Bleeding can also originate from the upper GI tract, such as from peptic ulcers in the stomach or duodenum, often presenting as black, tarry melena. Colorectal cancer is a serious, though less common, cause of bleeding, particularly in older adults. Tumors can bleed slowly, causing occult (hidden) blood not visible to the naked eye, or they can cause visible bright red or dark blood depending on location.
Diagnostic Procedures and Medical Next Steps
Once you seek medical care, the healthcare provider will begin a process to pinpoint the source of the bleeding. The initial consultation focuses on a detailed medical history, including questions about the blood’s color, frequency, and consistency, as well as any associated symptoms like pain or weight loss.
A physical examination, often including a digital rectal exam, helps the doctor check for obvious, low-lying sources of bleeding such as hemorrhoids or fissures. Initial laboratory tests may include a complete blood count to check for anemia (a sign of chronic blood loss) and a stool test for occult blood.

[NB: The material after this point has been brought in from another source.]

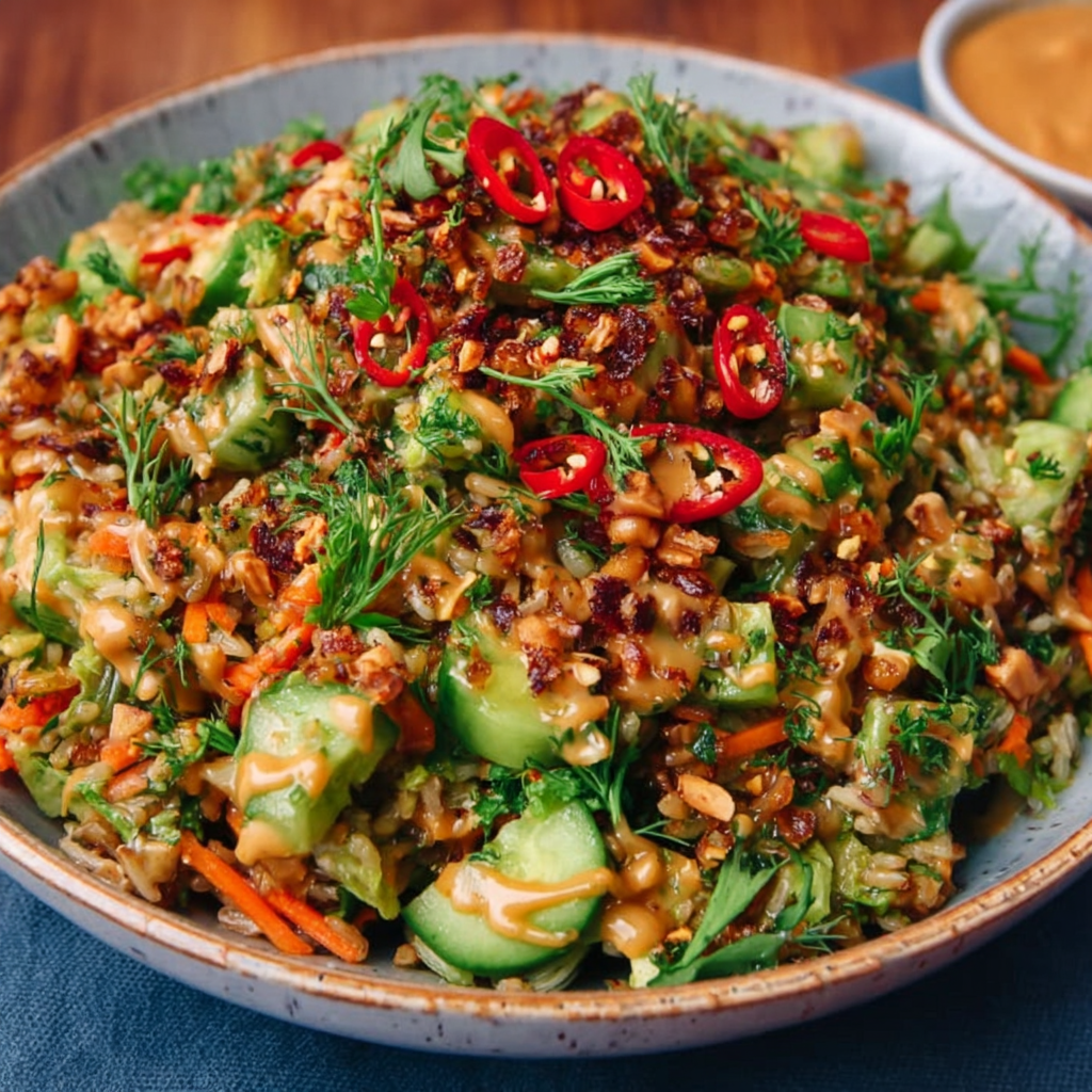 This Crispy Rice Salad with Peanut-Chili Dressing (Vegan + High-Protein) delivers bold flavor, satisfying crunch, and plant-based protein in every bite. It’s meal-prep friendly, customizable, and perfect for busy weeknights. Try it today, leave a comment with your twist, share your review, and subscribe for more vibrant recipes!
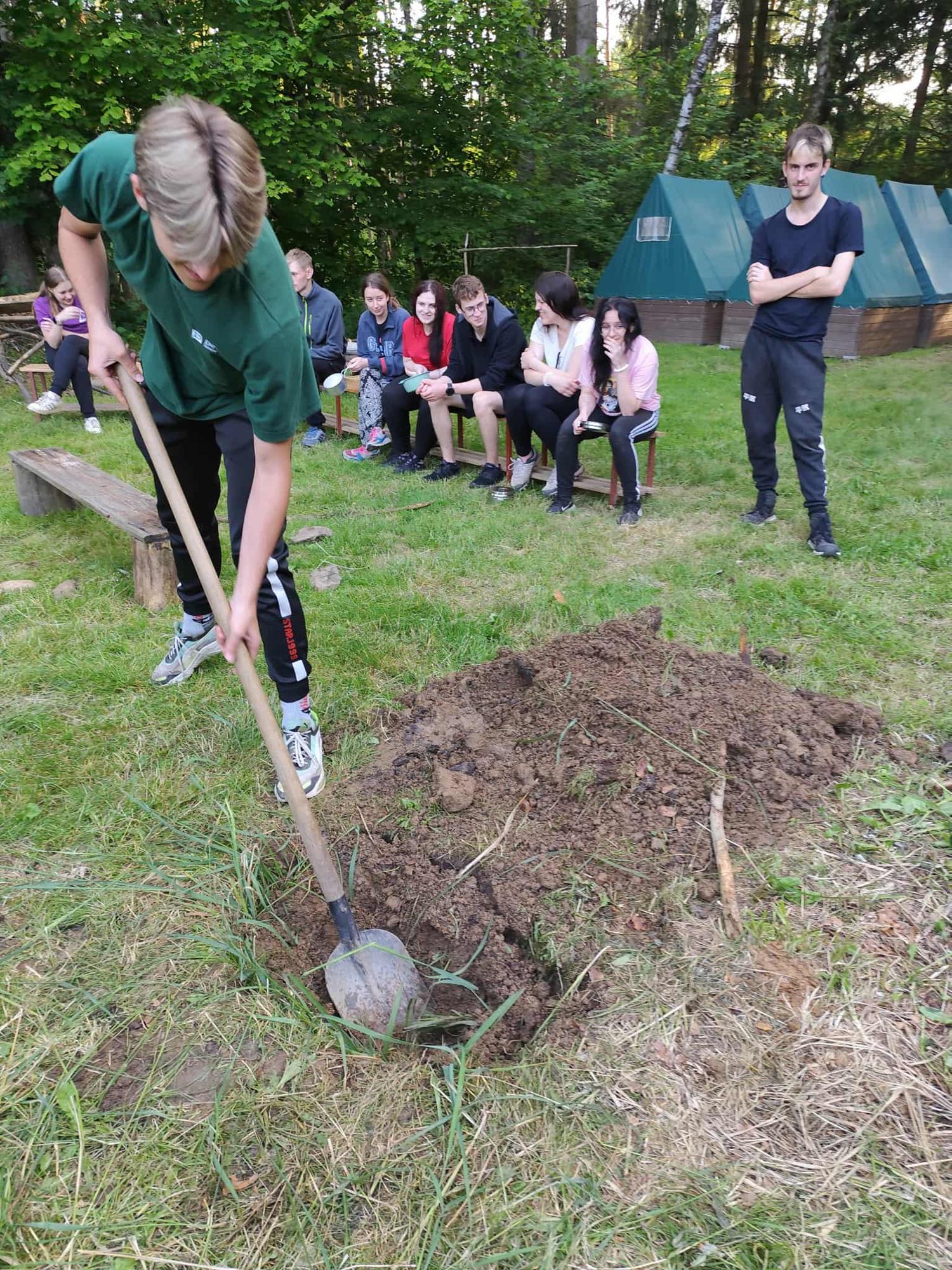 Koncem června se na tábořišti u Mrákotiína poprvé uskutečnil kurz Expedice v přírodě, kde si žáci napříč všemi obory vyzkoušeli spoustu činností. Během čtyřech dní se naučili rozdělávat oheň, orientovat na mapě, upéct kuře v zemi na horkých kamenech, postavit saunu a také ji využít. V programu nechyběla ani noční hra.

To visualize the GI tract, a doctor may recommend an endoscopy, which involves inserting a long, flexible tube with a camera. An upper endoscopy examines the esophagus, stomach, and duodenum, while a colonoscopy views the entire large intestine and rectum. These procedures allow the doctor to locate the exact site of bleeding, take tissue samples (biopsies), and sometimes treat the bleeding directly.
If the bleeding source is not found in the upper or lower GI tract, specialized procedures like capsule endoscopy may be used to examine the small intestine. The specific treatment plan depends entirely on the diagnosis, ranging from simple dietary adjustments for minor causes to medication for IBD or surgical intervention for more complex conditions.